Why is leading with kindness and compassion important for staff wellbeing and performance? Watch Suzie Bailey and Michael West explain more.
MICHAEL: So, Suzie I guess I’ve come to feel over the years that we tend to manage people as individuals a little too much. In a way, the important context for people at work, day to day, is the immediate team or ward or social care organisation. It’s the immediate team that they’re part of that shapes their work experience. We either think at the organisational level or the individual level and don’t really realise that actually, it’s the day to day experience of my team, the colleagues in my team, that determines how I feel at work. So, I think it’s really important to think about compassion at the team level.
SUZIE: Absolutely. I think it’s fundamental to how we show up at work and the relationships we have at work. I don’t think we place nearly enough emphasis on teams and teamwork and the importance of teams having time out to reflect on how they’re doing. Not only in terms of how they’re performing but also how their relationships are working. I’ve had the privilege of working in many health care teams, in many different settings in my career and there are noticeable differences in some of those teams.
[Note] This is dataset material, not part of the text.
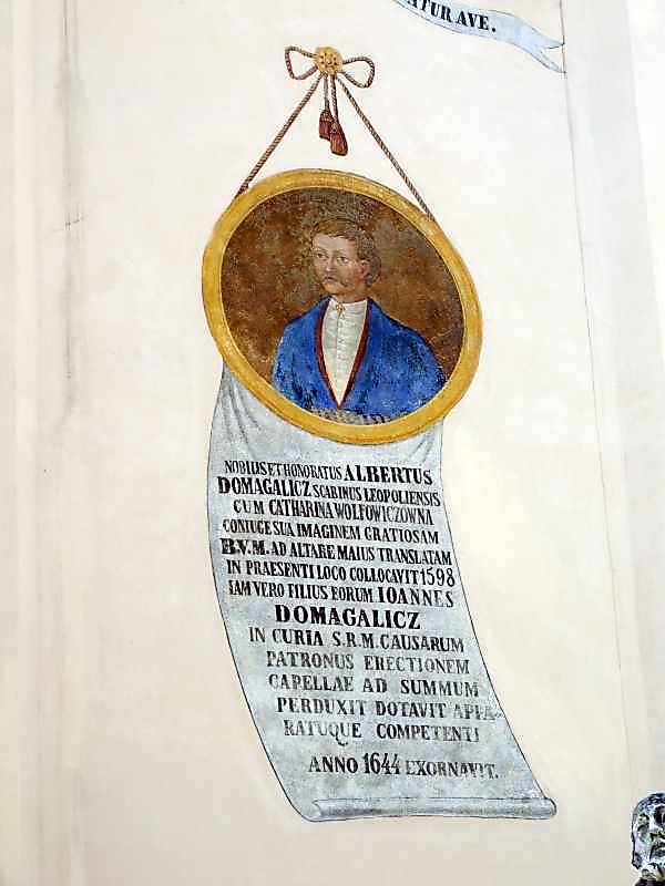 2007 р.Розмір зображення: 600:800 піксел Портрет і напис А.Домагалича на східній стіні апсиди. 14 вересня 2007 р. Фото М.І.Жарких. |

I think there’s a lot to be said for making sure that teams have that proper time out, that proper time to reflect and also that we value what teamwork brings, both to the individual but also to the performance of the team and ultimately outcomes for patients, or whatever setting people are working in.
MICHAEL: Thinking about this at team level, we can think about team members behaving compassionately towards each other, being present, listening, understanding, empathising and helping. Something that I also think about compassion at the team level is to what extent does the team as a whole behave compassionately towards other teams, departments and directorates? Listening deeply, understanding the challenges that other teams and departments face. When we work in integrated care systems or place-based systems of care, with other organisations, the voluntary sector, community organisations, local authorities - are we listening, understanding, empathising and helping in our interactions with them? There’s also something about being aware of and listening to the team as a whole, so how does the team feel at the minute?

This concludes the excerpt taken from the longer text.